Validation and Test Plan: 

 A case study by MAAMD is available in 'detailed description document', please refer to the document, the required files can be found in the downloaded workflow zip package.

Software Installation: 
1.     Installation of R
  • Download R from http://cran.r-project.org/ and install
  • Add the folder path where R.exe locates to the ‘system variables’ list.
For Windows,
  • Right click "Computer" and select "Properties"
  • Go to "Advanced system settings", click the sub-menu "Advanced"
  • Select "Environment Variables…"
  • Scroll down the "System Variables" list and select the variable "Path"
  • Add the R.exe path to the end of the path, separate it from the existing variables using ";".
    • For 64-bit OS, the path should be like "C:\Program Files\R\R-3.0.0\bin\x64"
    • For 32-bit OS, the path should be like "C:\Program Files\R\R-3.0.0\bin\i386".
2.     Installation of Kepler
  • Go to http://www.oracle.com/technetwork/java/javase/downloads/index.html to download and install JDK.
  • Go to https://kepler-project.org/users/downloads to download and install Kepler
  • To check whether Kepler is installed properly, start Kepler by double clicking its icon. You should see Kepler’s graphical user interface. If a dialog for updating modules appears, select ‘yes’; Kepler will automatically restart after installing those updated modules.
  • After installation, go to the directory where Kepler is installed, open file /common-2.4.0/resources/configurations/configuration.xml. Modify the line "<maxWaitTime>300</maxWaitTime>" to "<maxWaitTime>-1</maxWaitTime>", this will allow the pop-up webpages to wait until the user makes a decision.
3.     Installation of AltAnalyze
  • Go to http://code.google.com/p/altanalyze/downloads/list?can=1&q and download v.2.0.8.
  • Unzip to your desired directory.
  • To make sure AltAnalyze works properly and has installed the species database, go to the command-line console; for windows, go to "start", select "run" and type "cmd". 
  • Change the directory to the location where AltAnalyze.py is installed using a command line like "cd C:\tools\AltAnalyze_v.2.0.8".
  • Type "AltAnalyze.exe", you should see AltAnalyze’s graphical user interface if AltAnalyze can start properly. Otherwise, please check the version of your AltAnalyze.
  • Click "Begin Analysis"; a prompt window will appear which indicates no species database found if this is the first time you’ve run AltAnalyze. Click "Continue" and select the species which you want to analyze, then click "Continue". AltAnalyze will download corresponding resources automatically. Click "Quit" after the downloading is complete.
4.     Installation of R packages
  • Make sure that you have the permission to update R libraries.

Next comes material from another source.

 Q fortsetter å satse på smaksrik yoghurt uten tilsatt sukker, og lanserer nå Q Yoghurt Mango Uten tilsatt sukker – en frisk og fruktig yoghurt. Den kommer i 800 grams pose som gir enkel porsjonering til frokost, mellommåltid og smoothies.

  • For windows, go to the directory where R is installed, such as "C:\Program Files\R\R-3.0.0", right-click the folder and select "properties". Under “security” tab, edit the permission and make sure you have the ‘write’ permission.  

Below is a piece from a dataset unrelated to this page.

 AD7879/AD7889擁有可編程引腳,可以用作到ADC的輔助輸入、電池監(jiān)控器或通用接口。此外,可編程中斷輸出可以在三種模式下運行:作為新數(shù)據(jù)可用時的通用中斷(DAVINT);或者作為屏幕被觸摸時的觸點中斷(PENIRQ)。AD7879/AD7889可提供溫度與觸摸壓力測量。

  • Double-click R shortcut to open R console. If both 32-bit and 64-bit are installed, pick the correct one for your OS.

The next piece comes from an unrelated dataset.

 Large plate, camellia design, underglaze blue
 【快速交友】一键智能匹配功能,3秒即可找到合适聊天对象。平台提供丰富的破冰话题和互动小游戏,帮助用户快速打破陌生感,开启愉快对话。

  • Input the following commands in R console to install bioconductor packages:
            source("http://www.bioconductor.org/biocLite.R")
            biocLite()
            biocLite("affyQCReport")
            biocLite("GEOquery")
            biocLite("arrayQualityMetrics")
  • Input the following commands to test whether the packages have been installed successfully
            library(affyQCReport)
            library(GEOquery)
            library(arrayQualityMetrics)
You need install these libraries properly before you run MAAMD workflow.
Workflow Procedure: 
1. Download MAAMD zip package, and unzip to C:, so you will have a folder "C:\MAAMD" which contains a "workflow" folder and a "sample" folder
2. Search GEO database http://www.ncbi.nlm.nih.gov/geo/.  Look for data sets and collect data set information. Edit input CSV files for the selected data sets with the fixed file format. Refer to "datasets.csv" for the format of the summary of datasets and "datainfo-gse9400.csv" and "datainfo-gse33100.csv" for theformat of the samples in an individual data set.
    Note: please do not modify the names of columns.
    Note: The suffix ".CEL" is required for both "SampleName" and "NewName". 
3. Run Kepler and open MAAMD workflow in Kepler, keep Internet connection open when MAAMD is running.
4. Edit the parameters for MAAMD.  Note: all paths have to use forward slash, namely "/", for path delimiter. "\" does not work in Kepler.
    Nset: the number of datasets that you want to analyze. 
    Note: If Nset is smaller than what you listed in datasets.csv, then MAAMD will analzye the first “N” data sets only.
    WorkPath: the folder where you want to store the data and results.
    DataFile:  the path of the csv file where you collect all datasets’ information.
    Note:  This csv file contains the summary of all targeted datasets.  Don’t assign the path to those csv files for sample information in individual data sets. The path of sample information file is   assigned this csv.  Refer to “datasets.csv” as an example.         
   MAAMDPath:  the folder where you store MAAMD workflows.
   Note: homologene.txt must be stored in the same folder as a reference file.
   AltAnalyze: the directory of AltAnalyze location, for example, "C:/AltAnalyze_v.2.0.8-Win64".
5.Click "run" button